Modernists and liberals need to critically assess secessionists, localists, communitarians and regionalists – all romantic, compelling concepts which can and often do turn intolerant and inward, conservative and rigid.

The Catalonian uprising was appallingly handled by Mariano Rajoy’s conservative government and the partisan king. Four thousand national police officers should not have been sent in to quell the freedom movement; those officers should not have brutalised protestors and voters; force should not have been used instead of talk. This is what Franco did during his reign of terror. Those resurfaced memories will now make dialogue that much harder. Trust will have to be rebuilt on both sides to keep the nation from falling apart.

Beware of this age of breakaways. From Iraq to Scotland, France to the Czech Republic, Denmark to Canada, India to Belgium, there is a clamour for ‘independence’ either for economic, ethnic, or historical reasons. Never before has the nation state – a relatively recent development – been so vulnerable. Yes, established countries are flawed, often oppressive to minorities, unfair and overweening, at times dysfunctional.

However, separatism is not a nirvana. That clamour is an expression of tribal instincts. It doesn’t have to be, but too often is. Brexiteers wanting their ‘country back’ displayed the same tendencies. They want not to be European and also reject those they deem ‘foreign’, including third-generation migrants and damned cosmopolitans, flighty people of nowhere as opposed to solidly good people somewhere, in the words of one pacifier of populism.

The weekend before last I was in north Cornwall at a delightful book festival. Cornwall, which received large subsidies from the EU, voted to leave.

One of the attendees said: ‘This is identity gone stupid. They say they want to get control back but can’t tell you what that means. They also want to split from Britain. There are no jobs here, except tourism. Without migrant labour that will die. The young are stuck. Their parents bring them up to stay put, live near them. The future feels unutterably bleak.’

Furthermore, localism is now a purity cult and invidious, small jingoisms. Believers won’t eat Kenyan beans and reject national elections, focusing instead on parish councils. The idea of ‘communities’ with ties that bind are just as problematic. Just go to the east end of London and see how communities live apart in shared spaces.

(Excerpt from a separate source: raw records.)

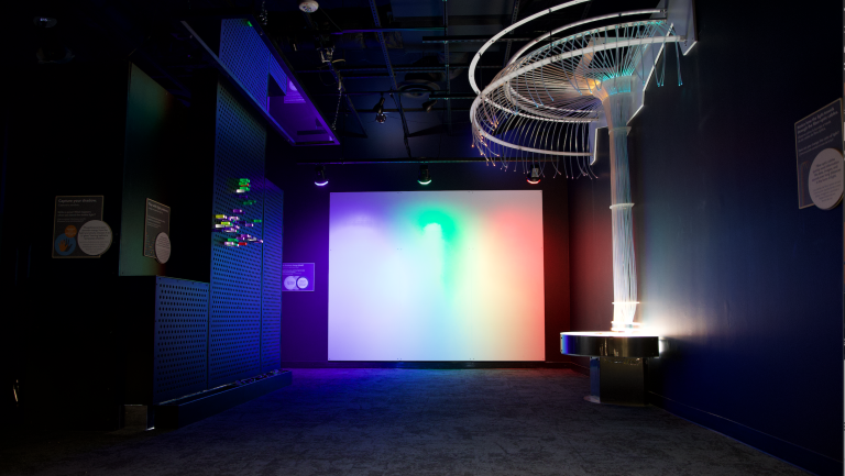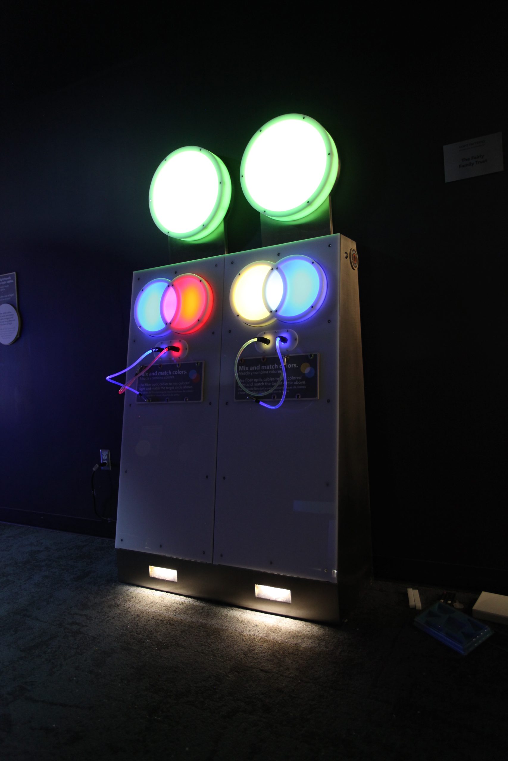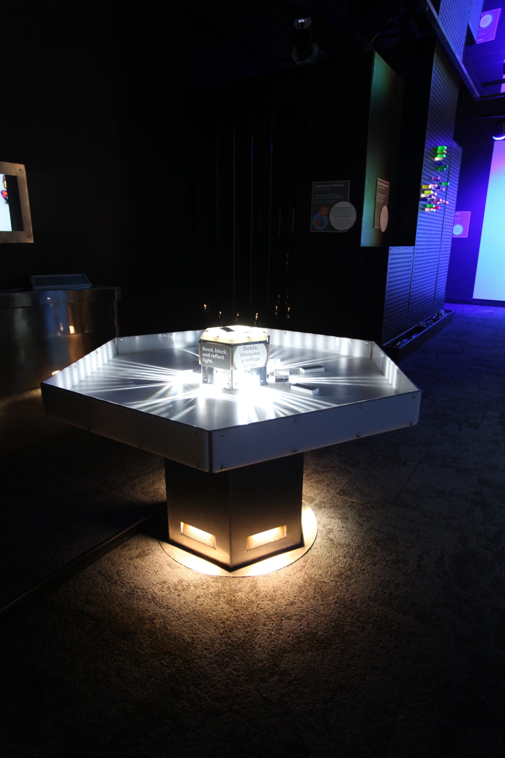 A Light Island invites visitors to bend white light with prisms to reveal the full color spectrum that lies within. To reinforce this concept, as visitors pass through the light of the Color Shadows wall, the edges of their shadows reveal the overlapping colors that combine to white. In addition to these exhibits, there are more that continue to explore how light travels, how light looks with differing temperature materials, how fiber optic affects light, and much more.
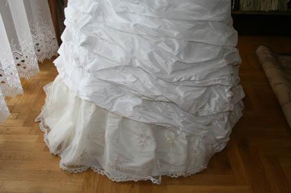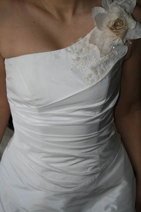na ramieniu kwiat – drugi taki sam do wpięcia we włosy, na dole sukni przepiękna koronka. Używana raz, uprana w pralni. Stan bardzo dobry. Welon gratis.
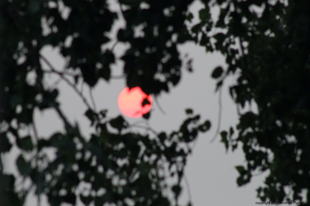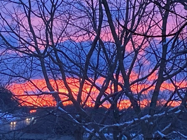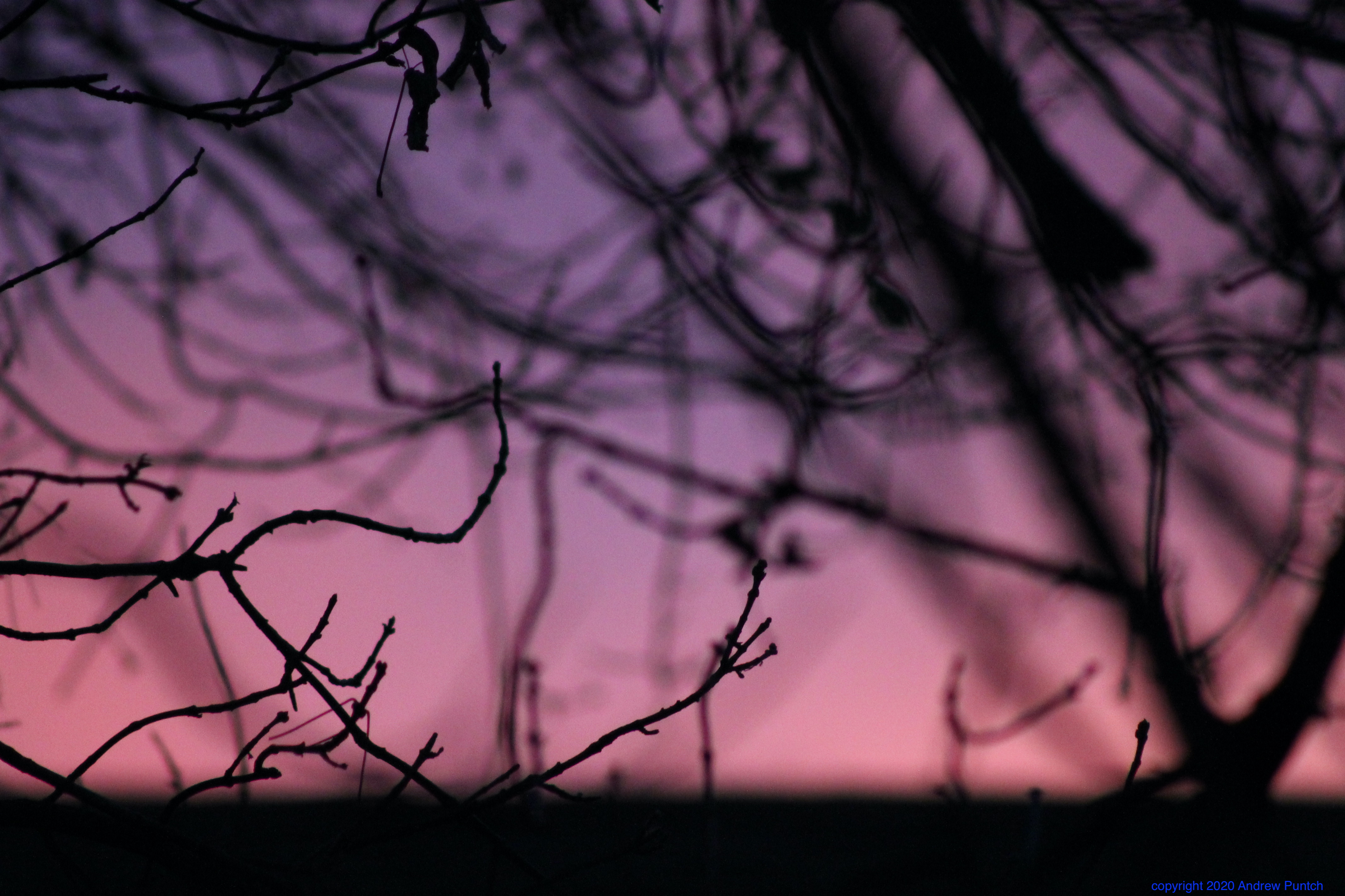 A recent sunset made the clouds glow. I like how the trees lean into the image, framing the scene.
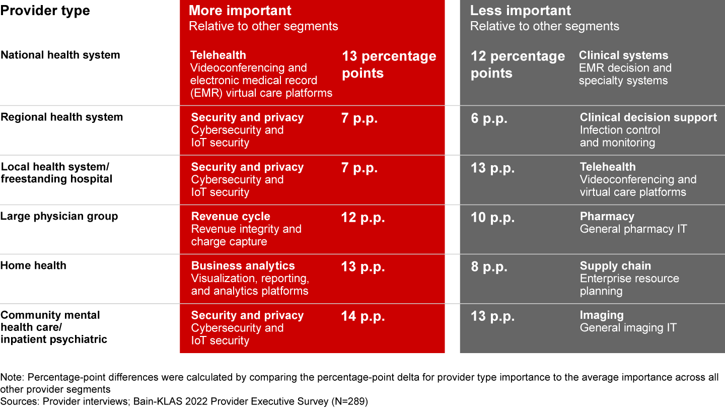 While each of these priorities is broadly relevant across a wide variety of organizations, certain priorities are uniquely important to different types of providers (see Figure 5).
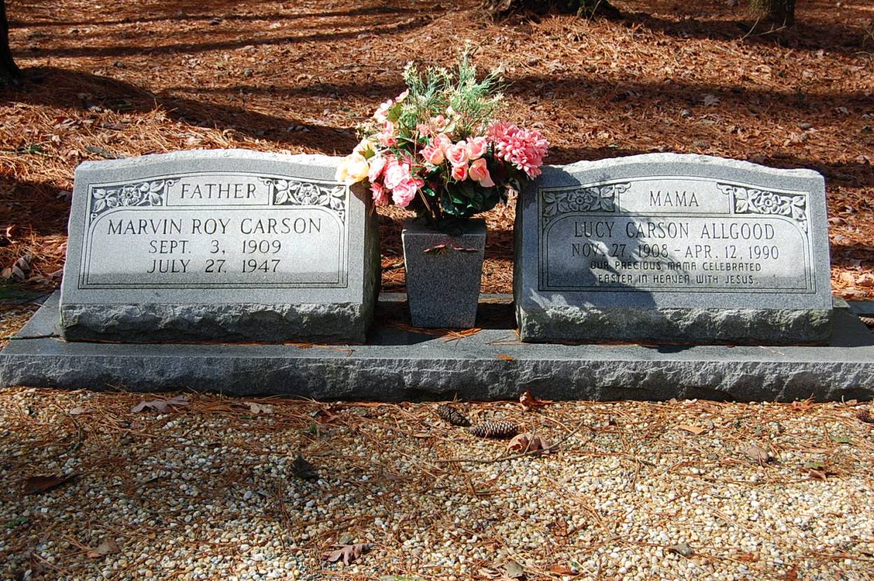 | Allgood | Lucy Carson | Nov 27 1908 | Apr 12 1990 | shared stone w/Marvin Roy Carson |
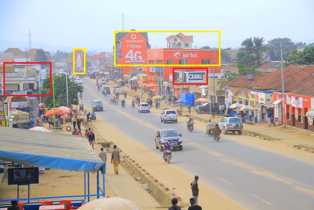 On voit par exemple dans ces deux images certains éléments identiques à ceux visibles dans l'image virale: le panneau rouge et blanc au milieu de la route, ainsi que les bâtiments rouges (rectangles jaunes). Sur Google Street View, on retrouve également ce même dispositif publicitaire en forme de cône (rectangle jaune), ainsi que la boutique Canal + et la station-essence visible sur les deux photos que nous étudions (rectangles rouges).
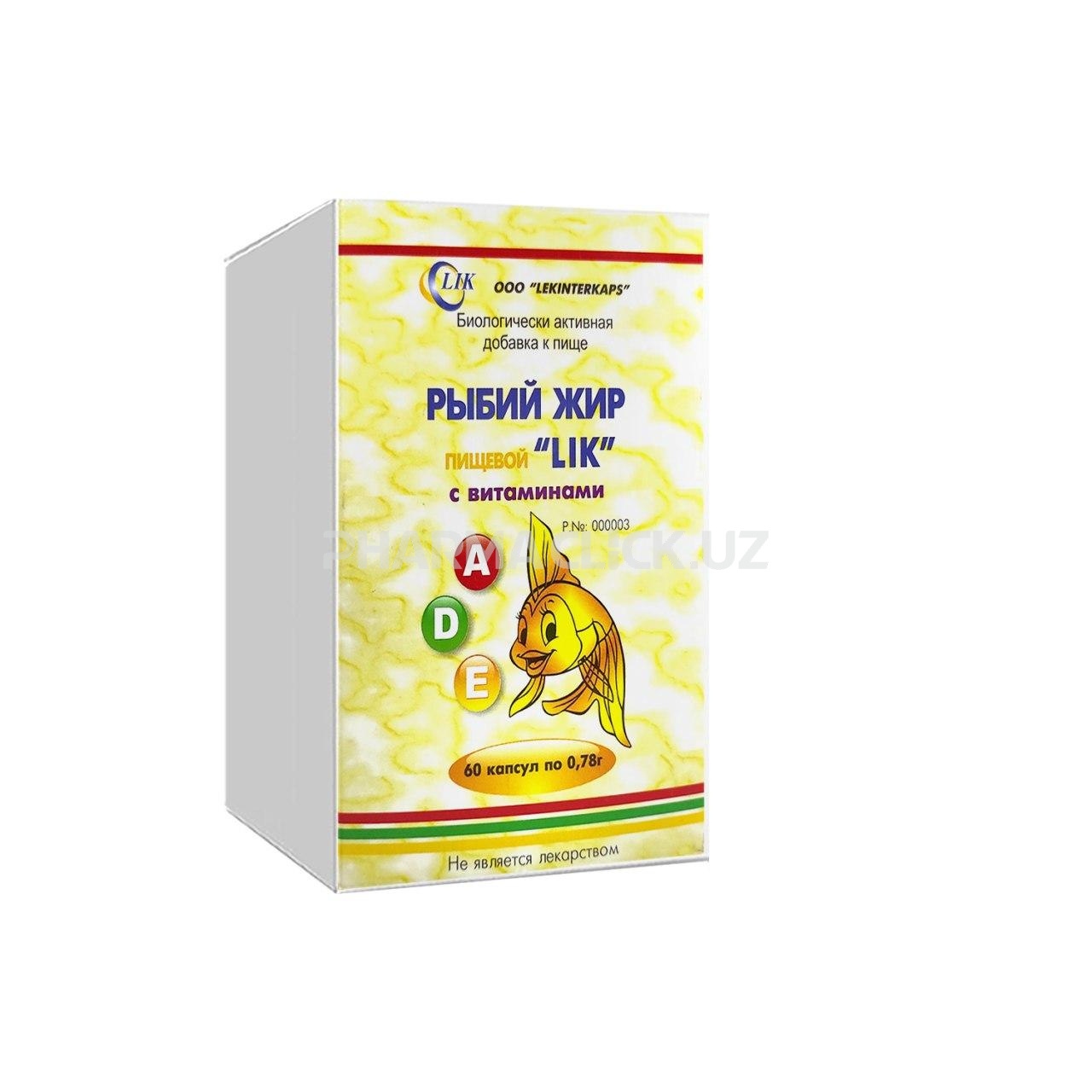 Инструкция Рыбий жир пищевой "LIK" с витаминами A,D,E 0,78г №60

Kimon Valaskakis, former ambassador of Canada to the OECD, warned about these tendencies in the Huffington Post: ‘[This is a] knee-jerk reaction against excessive, unregulated globalisation … about seeking belongingness.’

He believes such agitations could lead to 200 current states splintering into a thousand or more mini-me states. How could any international cooperation or watchfulness be possible then? Imagine the chaos. Mr Valaskakis continued: ‘It would bring an embarrassment of riches to footloose conglomerates. It would be an el dorado for organised crime, jihadis and assorted criminals vaulting from jurisdiction to jurisdiction.’

Look how the EU is trying to finally hold to account American internet giants. Imagine then, a separate Catalonia or Scotland trying to do the same.

Remember too the bloody Balkanisation after the First World War and what happened in old Yugoslavia in the 1990s. Interdependence, global relationships, open minds, cultural exchange, political sophistication and modernity are now threatened by a 21st century Balkanisation.

Wars will spread everywhere and there will be nowhere peaceful on earth.

Wake up progressives. Small is not beautiful but woeful, a denial of our common humanity.